ClinicalTrials.gov Meets Claude: A Smarter Way to Search Trials

By Vishalini Devarajan

Clinical research is drowning in data: hundreds of thousands of trials, each with different eligibility, sponsors, sites, and outcomes. Finding the right one used to take hours of manual browsing through ClinicalTrials.gov. The interface is thorough but not built for the nuanced questions clinicians and researchers actually need.

The ClinicalTrials.gov connector in Claude closes this gap by giving the AI direct access to the world’s largest trial registry. Users can now ask natural‑language questions and get targeted, structured answers in seconds.

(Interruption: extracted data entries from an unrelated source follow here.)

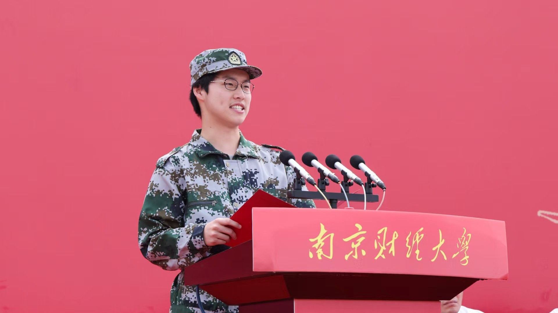 本科生新生代表、财政与税务学院税收学(中汇班)徐天奕发言。他表示将潜心钻研、读万卷书,关注社会、明国家事,在知行合一中成长为有理想、有本领、有担当的南财人。
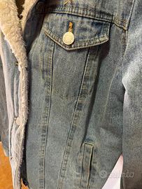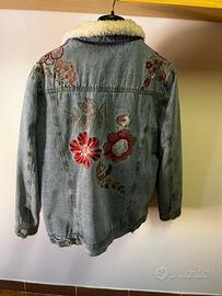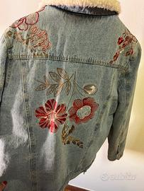 Giacca di jeans foderata in pelliccia sintetica con ricami floreali, del marchio Denim Co
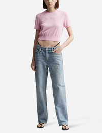 - T By Alexander Wang - Mid-rise Jeans With Pre-styled Logo Thong - Oversize fit, hits at hip - Mid-rise fit - Indigo washed - Belt loops - Zip fly, button closure - Pre-styled thong detail - Diamante logo charm at the back - 5-pocket style - Straps with a slider to customize fit and silhouette - Straight leg - Color: Vintage Faded Indigo - Material: 100% Cotton - See more Jeans and Clothing SIZING - Model wears size 26 - Model measures: Height 177cm, Chest 32”/81cm, Waist 23.5”/59.7cm, Hip 33’’/83.8cm
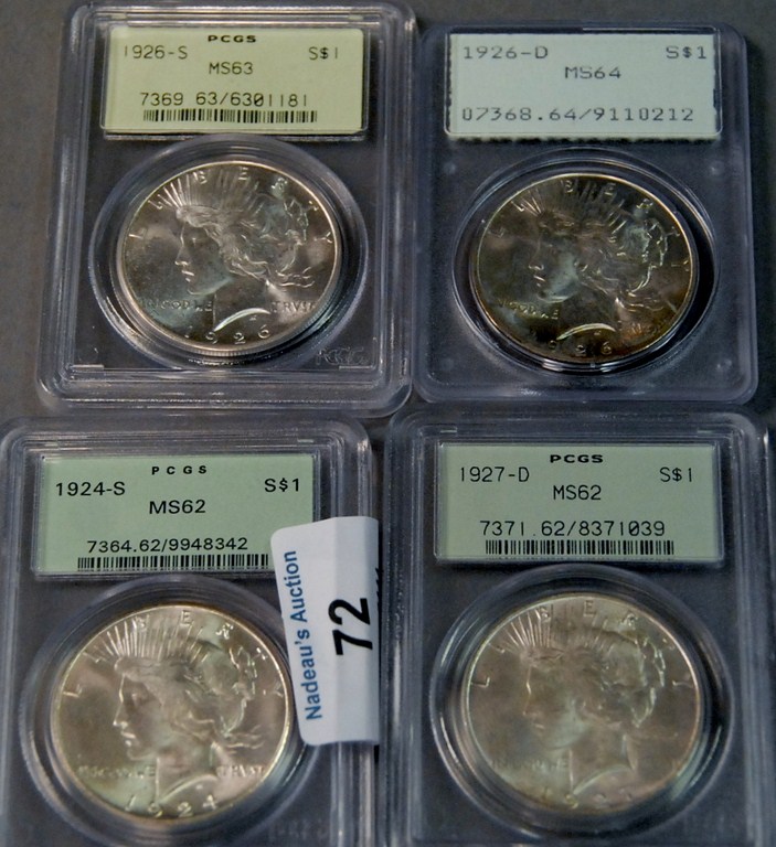 Four silver dollars 1924-S PCGS 62, 1926-D PCGS 64, 1926-S PCGS 63, and 1927-D PCGS 62.
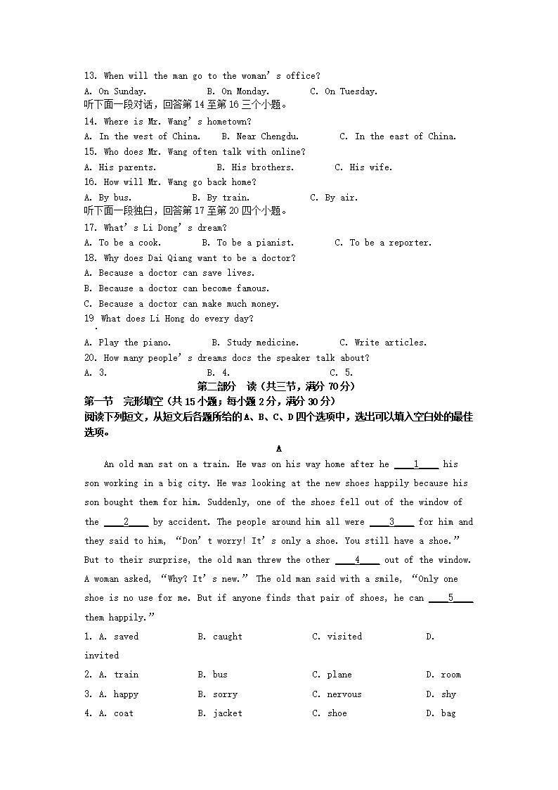 【文檔預(yù)覽】 無憂考網(wǎng)整理發(fā)布2022年四川德陽中考英語真題及答案(Word版),前五頁預(yù)覽如下:
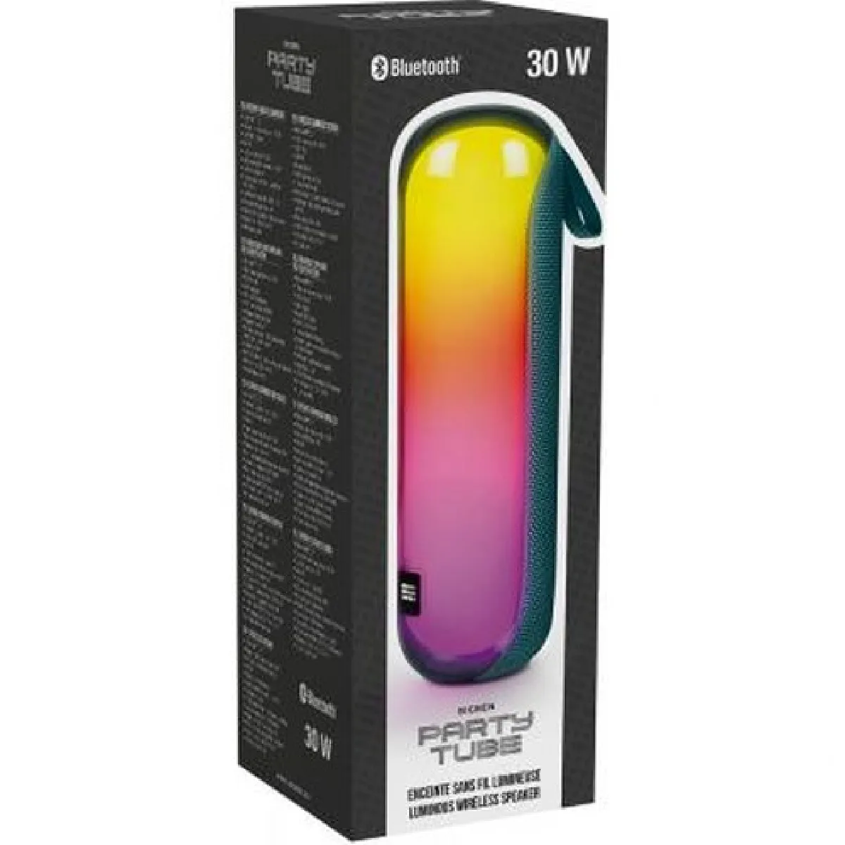 La PARTY TUBE combine des effets lumineux à 180° synchronisés avec vos musiques et une diffusion sonore énergique pour créer une ambiance immédiate. La gestion des sources est flexible grâce à la prise en charge des cartes micro SD, de l'hôte USB et de la mémoire flash, en complément du Bluetooth 5.3 et de l'entrée AUX. La boucle de suspension permet un accrochage simple et un transport rapide, pratique pour changer d'espace sans interrompre l'écoute.

This turns a slow, manual search into a fast, conversational workflow.

In this article, we will walk through exactly what the ClinicalTrials.gov connector is, what database it connects to, how the six core tools work, who it is built for, how to set it up, and the most practical ways to use it in your day-to-day clinical or research workflow.

Quick TL;DR: 

  • Instant Access: Claude queries ClinicalTrials.gov’s 500K+ trials via API v2 for natural language searches on conditions, eligibility, sponsors, and more.
  • Six Core Tools: General search, NCT lookup, eligibility screening, endpoint analysis, investigator/site finder, and sponsor tracking, tailored for real workflows.
  • Who Benefits: Coordinators match patients, pharma tracks competitors, physicians find recruiting trials, all in seconds.
  • Easy Setup: Remote connector; search “Clinical Trials” in Claude settings, connect publicly no installs or logins.
  • Limitations: Great for insights, not decisions; data lags are possible; always verify with clinical teams.

Table of contents


  1. What Is the ClinicalTrials.gov Connector in Claude?
  2. The Six Core Tools the Connector Provides
    • Tool 1: General trial search
    • Tool 2: NCT‑ID trial lookup
    • Tool 3: search_by_eligibility
    • Tool 4: analyze_endpoints
    • Tool 5: search_investigators
    • Tool 6: search_by_sponsor
  3. Who Is This Connector Built For?
    • Who Benefits from the Connector
    • Clinical Research Coordinators & Recruiters
    • Pharmaceutical and Biotech Teams
    • Physicians and Oncologists
  4. How to Set Up the Connector
  5. Practical Workflows: What You Can Actually Do
    • Seeing the Connector in Action
    • Trial Design and Endpoint Benchmarking
    • Site Selection, Investigators, and Feasibility
  6. Where This Fits in the Broader Claude for Healthcare Ecosystem
  7. Important Limitations to Keep in Mind
  8. Final Thoughts
  9. FAQs
    • Who can use the ClinicalTrials.gov connector?
    • How current is the data?
    • Do I need special credentials?
    • Can it match a specific patient to trials?
    • How does it fit with other tools?

What Is the ClinicalTrials.gov Connector in Claude?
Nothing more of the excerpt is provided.